EXERCISE REQUIREMENTS -> Copy, word for word, the lines below from the one containing "Now our API's" up to and including the one containing "This adorable infant", with pictures left out.

== INFORMATION

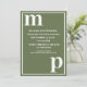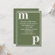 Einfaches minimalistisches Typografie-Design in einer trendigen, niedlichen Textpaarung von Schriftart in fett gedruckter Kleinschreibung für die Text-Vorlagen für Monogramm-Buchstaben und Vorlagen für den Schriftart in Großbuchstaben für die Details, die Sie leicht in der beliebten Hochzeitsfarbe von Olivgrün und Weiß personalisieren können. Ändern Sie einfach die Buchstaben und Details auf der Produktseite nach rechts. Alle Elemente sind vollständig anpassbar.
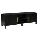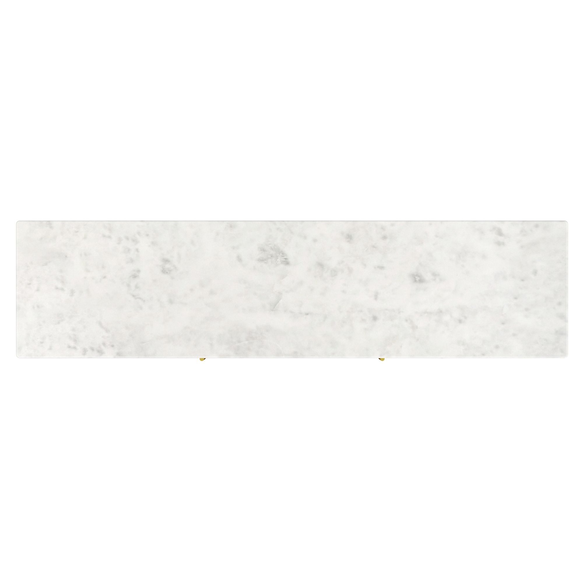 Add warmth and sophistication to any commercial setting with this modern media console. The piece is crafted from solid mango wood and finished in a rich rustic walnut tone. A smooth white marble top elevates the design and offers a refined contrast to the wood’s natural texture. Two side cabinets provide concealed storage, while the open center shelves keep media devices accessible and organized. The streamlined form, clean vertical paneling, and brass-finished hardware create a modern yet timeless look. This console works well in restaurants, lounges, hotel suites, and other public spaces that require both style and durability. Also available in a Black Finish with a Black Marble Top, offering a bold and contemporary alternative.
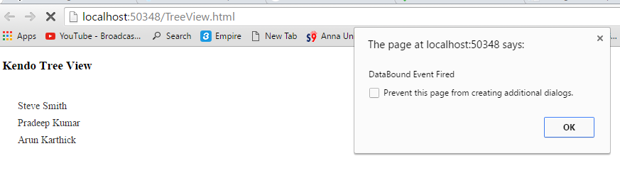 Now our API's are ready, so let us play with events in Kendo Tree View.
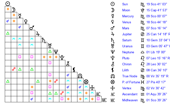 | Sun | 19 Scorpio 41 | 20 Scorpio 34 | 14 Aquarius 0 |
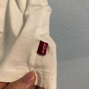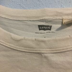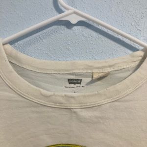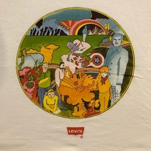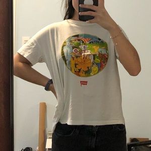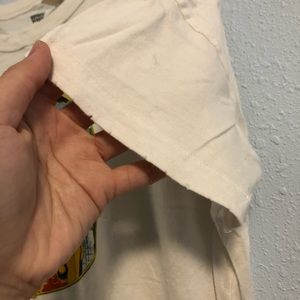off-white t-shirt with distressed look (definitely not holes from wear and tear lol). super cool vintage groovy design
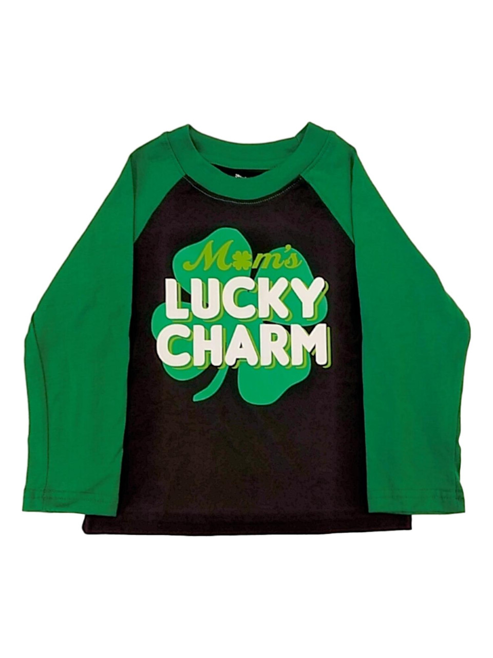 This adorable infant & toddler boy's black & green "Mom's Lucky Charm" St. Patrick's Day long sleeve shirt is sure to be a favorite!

====
== INFORMATION

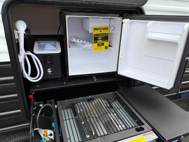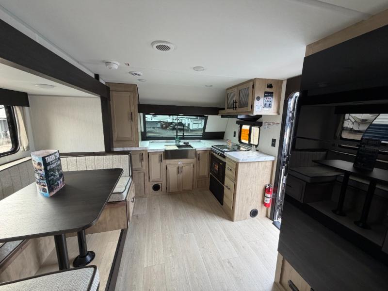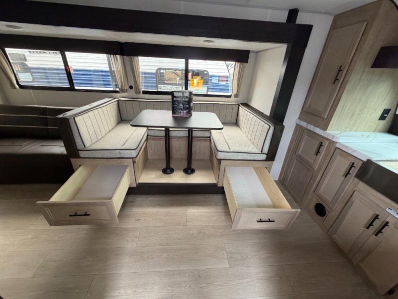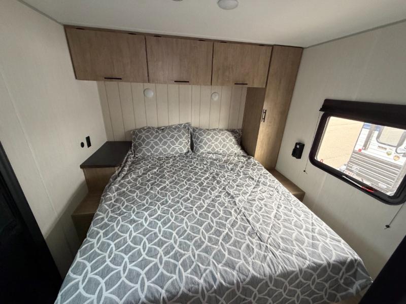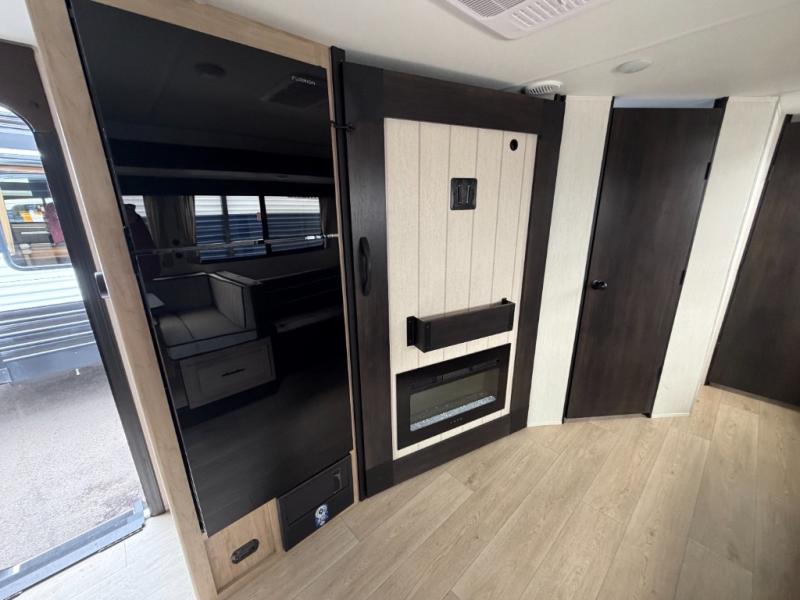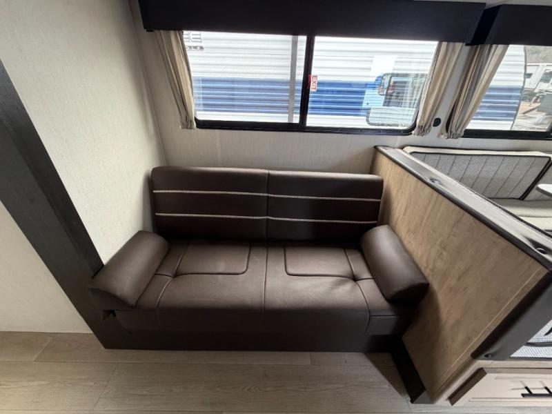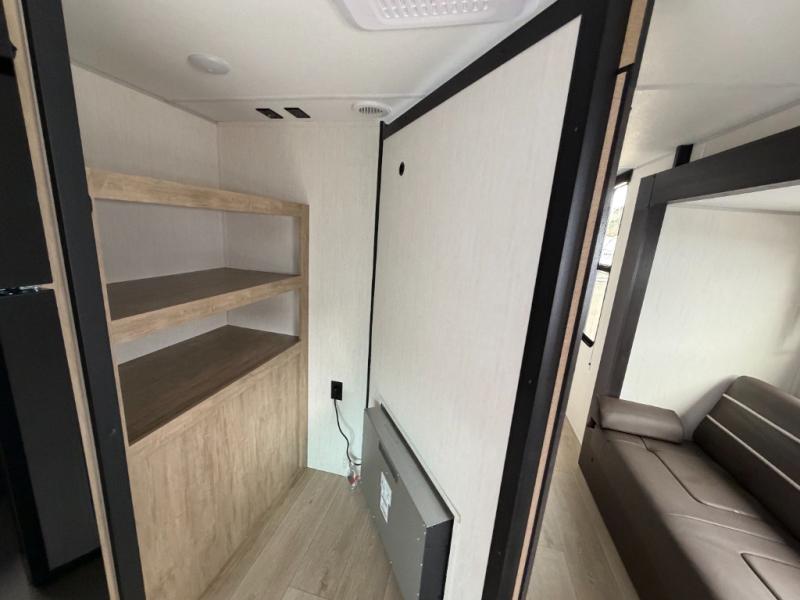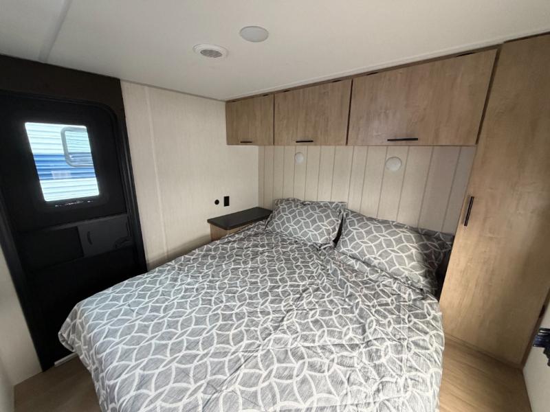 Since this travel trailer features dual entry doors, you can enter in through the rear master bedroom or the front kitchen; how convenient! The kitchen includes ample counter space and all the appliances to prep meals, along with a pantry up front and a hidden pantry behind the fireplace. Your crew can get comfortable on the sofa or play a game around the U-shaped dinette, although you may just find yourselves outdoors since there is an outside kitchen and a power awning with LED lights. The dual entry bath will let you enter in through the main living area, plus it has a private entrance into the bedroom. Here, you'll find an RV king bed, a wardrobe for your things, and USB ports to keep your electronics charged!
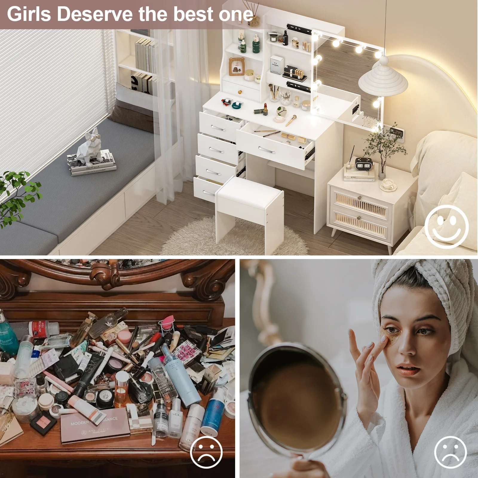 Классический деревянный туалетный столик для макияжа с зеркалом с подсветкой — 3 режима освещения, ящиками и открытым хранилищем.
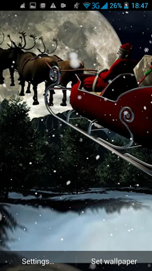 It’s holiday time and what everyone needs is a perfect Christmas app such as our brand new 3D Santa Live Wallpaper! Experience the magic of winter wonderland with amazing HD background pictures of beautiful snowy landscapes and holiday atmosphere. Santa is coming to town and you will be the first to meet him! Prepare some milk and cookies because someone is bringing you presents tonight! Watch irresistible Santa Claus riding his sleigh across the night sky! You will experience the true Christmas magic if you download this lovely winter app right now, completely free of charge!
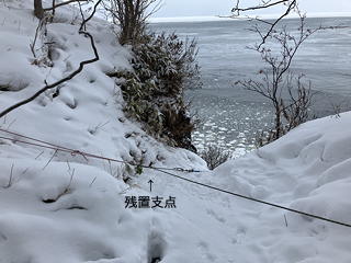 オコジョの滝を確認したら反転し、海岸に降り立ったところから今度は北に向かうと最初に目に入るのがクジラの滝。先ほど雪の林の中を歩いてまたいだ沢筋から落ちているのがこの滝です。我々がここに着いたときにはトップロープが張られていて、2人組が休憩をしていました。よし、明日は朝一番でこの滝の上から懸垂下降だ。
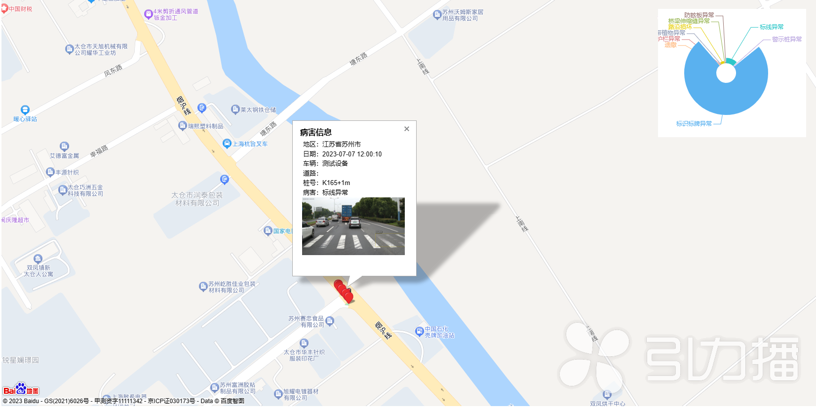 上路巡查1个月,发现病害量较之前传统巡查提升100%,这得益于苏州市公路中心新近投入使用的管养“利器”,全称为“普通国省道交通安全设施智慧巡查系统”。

====

WRITTEN ANSWER ->
 Now our API's are ready, so let us play with events in Kendo Tree View.
 | Sun | 19 Scorpio 41 | 20 Scorpio 34 | 14 Aquarius 0 |
off-white t-shirt with distressed look (definitely not holes from wear and tear lol). super cool vintage groovy design
 This adorable infant & toddler boy's black & green "Mom's Lucky Charm" St. Patrick's Day long sleeve shirt is sure to be a favorite!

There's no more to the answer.